Network and data monitoring tools. Have your in-house tech team or a service provider use these tools to identify malicious activity.
Vulnerability scanning. Do this regularly to prevent exploits on documented vulnerabilities
Network segmentation. You could, for example, create separate network segments for students, staff, and critical and sensitive data. This helps ensure that, in the event of a cyberattack affecting one network segment, the others remain untouched.
Security awareness training. This should include educating staff (and students) to recognise phishing techniques and avoid clicking on links and attachments in emails from unknown senders.
Least privilege policy. Ensuring no-one has more access privileges than they need to perform their role helps prevent privilege escalation that allows an attacker to move through the network and cause damage or steal data.
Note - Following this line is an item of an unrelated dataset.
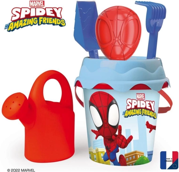 Detská plážová sada s motívom SPIDEY obsahuje vedierko 17 cm, hrabličky, lopatku, formičku a kanvičku. Vďaka technológii IML je potlač odolná proti oderu a zostáva dlho ako nová. Vyrobené vo Francúzsku.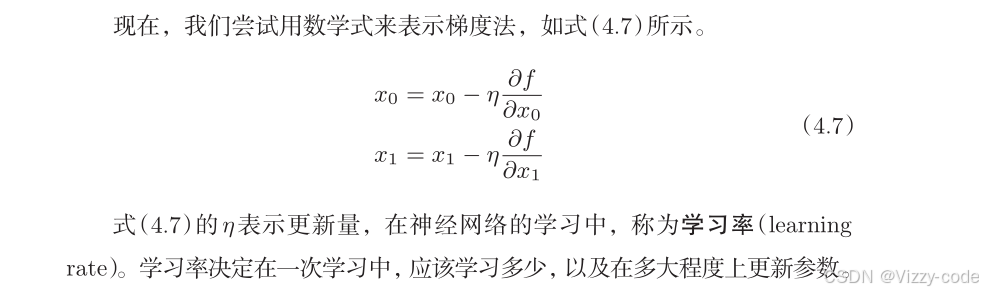 参数 f 是要进行最优化的函数,init_x 是初始值,lr 是学习率 learningrate,step_num 是梯度法的重复次数。numerical_gradient(f,x) 会求函数的梯度,用该梯度乘以学习率得到的值进行更新操作,由 step_num 指定重复的次数。

Password management. A single sign-on or similar solution will help users maintain unique and complex passwords for logging in to an increasing number of apps and services.
Vendor management. If you use third-party software or online platforms, make sure you understand the vendors' security posture. This includes their processes around incident response and data breaches, data encryption practices, uptime SLAs, and how recently they've undergone a security audit.
Heading into the 'new normal'
Even as schools have reopened and staff and students are back in the physical classroom, investing in network security will help you avoid the high price of a privacy violation or loss of confidential data. And given that we're still living through uncertain times, it pays to be ready to support a return to safe, secure remote teaching and learning at any moment.